From a commercial perspective the term “nano” describes a diameter of the fibrous shape at anything below one micron – or 1,000 nanometers. However, the most coveted properties of these materials tend to manifest themselves at below 500 nanometers (.5 microns) depending on the material and the property. As one begins to operate at the molecular level there is a pronounced shift in the governing physics. For example gravity becomes markedly less significant while Van der Waals forces, which have previously been considered completely insignificant by scientists, become incredibly strong.

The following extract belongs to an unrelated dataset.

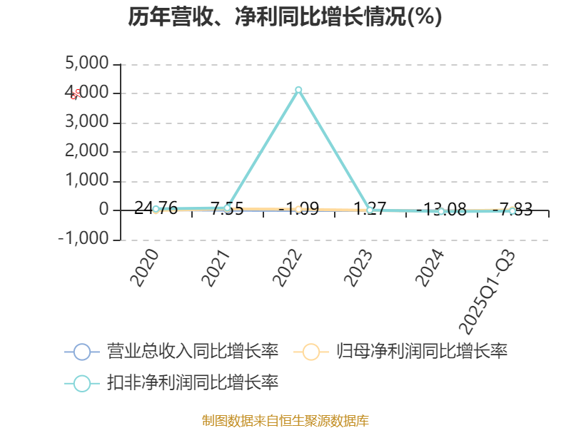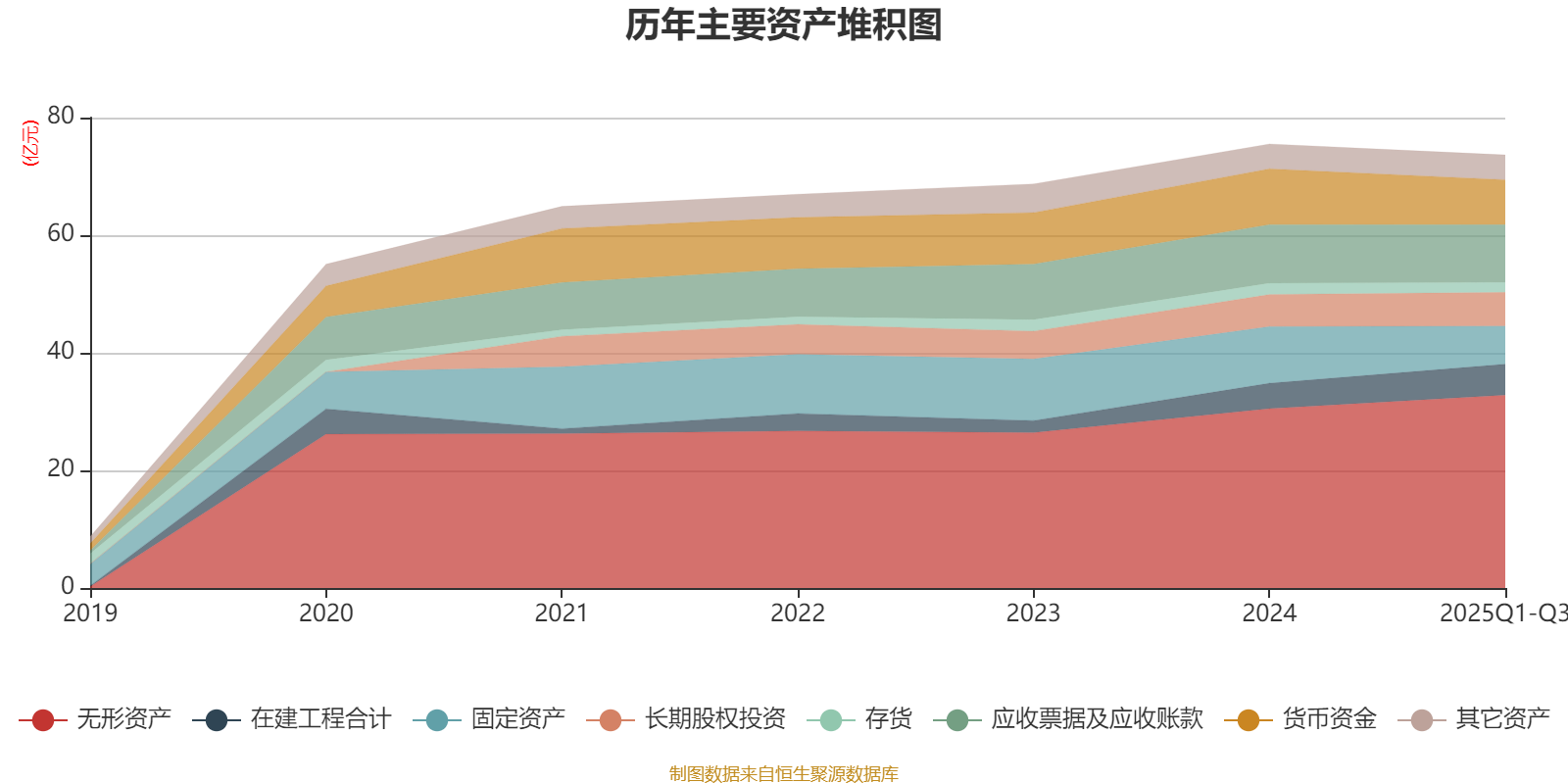 资产重大变化方面,截至2025年三季度末,公司无形资产较上年末增加7.54%,占公司总资产比重上升4.14个百分点;固定资产较上年末减少32.65%,占公司总资产比重下降3.95个百分点;货币资金较上年末减少19.33%,占公司总资产比重下降2.17个百分点;在建工程合计较上年末增加22.03%,占公司总资产比重上升1.43个百分点。

The ability to manipulate physics and significant properties and attributes of materials has proven over time to be incredibly valuable.
High Surface Area
As the fiber diameter shrinks into the nanoscale, the surface area to volume ratio increases up to 1,000 times higher than a microfiber. This property generally tends to bestow the mat of thousands of fibers with enhanced properties over one fiber in the form of:
- Chemical Delivery – Efficiency and time of drug or cosmetic delivery to the skin
- Catalysis – Efficiency of chemical or photo catalysis of a material for a given volume
- Electron & Photon Transfer – Efficiency of electron or photon transfer or prevention thereof
- Slip Flow – Efficiency in filtration and particle separation through the generation of slip flow at the surface of the fiber
Due to the size of nanofibers, the tensile strength of an individual fiber is difficult to analyze; however, tensile strength has been shown to increase by up to 40% over the same weight of material in a bulk or larger format.
- Increase the strength of a given weight of material
- Use less materials and achieve the same level of strength
Reduced Crack Propagation
Achieving the same level of strength with less amount of material is enhanced by the fact that the probability of the failure of one fiber is much higher than the failure of thousands of fibers. Furthermore, upon the development of a structural flaw or crack, it is impossible to propagate to other discrete structural components.

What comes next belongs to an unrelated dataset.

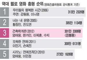 그동안 멜로 영화는 극장가 흥행에서 큰 재미를 보지 못했다. 2005년 개봉한 '너는 내 운명'(305만 1134명, 영화진흥위원회 공식통계기준)과 2006년 개봉한 '우리들의 행복한 시간'(313만 2320명) 정도만 눈에 띈다. 로맨틱 코미디에 공포를 더한 '오싹한 연애'(300만 6131명)가 있었지만, 정통 멜로는 아니었다.

Thermal conductivity testing has shown that decreasing fiber diameter into the nanoscale increases thermal resistance of popular insulative materials by almost 50%.
Many materials when processed into nanofiber dramatically improve electron transfer. Combined with the extremely thin nature of a nanofiber web, these properties have substantial benefits in energy storage, photocatalytics and sensors.

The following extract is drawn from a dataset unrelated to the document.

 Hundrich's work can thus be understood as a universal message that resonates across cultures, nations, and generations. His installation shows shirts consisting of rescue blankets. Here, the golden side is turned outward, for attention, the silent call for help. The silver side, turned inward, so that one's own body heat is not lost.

Core research and product development of nanofibers has gained significant prominence in recent years as evidenced by more than 350 related patent applications and almost 600 journal publications in 2009 (Exhibit 1).
The primary interests in nanofibers revolve around increased surface area and novel mechanical properties of materials in the nanoscale. As fiber diameter decreases the integrity of mechanical properties of that material increases by orders of magnitude. Similarly, the surface area of nanofibers is substantially greater than fibers on the micron level and higher. These factors have profound implications in a broad range of applications.
Nanofiber research is taking place across a wide spectrum of industries. Some of the more prominent applications include:
Filters are perhaps the most obvious use of nanofibers, where filter performance is based on producing the highest flow rate while trapping and retaining the finest particles without blocking the filter. Nanofibers have improved interception and inertial impaction efficiencies and result in slip flow at the fiber surface, resulting in better performance at a given pressure drop. Nanofibers are currently incorporated into commercial filters in air, liquid and automotive applications in both industrial and consumer markets by some of the largest filtration companies in the world.
As fiber diameters decrease, desired mechanical properties increase in integrity. Specifically, strength to weight ratios are improved dramatically, reducing the probability of fiber failure. In addition, the nano scale pores created by the fibrous mesh provide the potential for strong insulation properties.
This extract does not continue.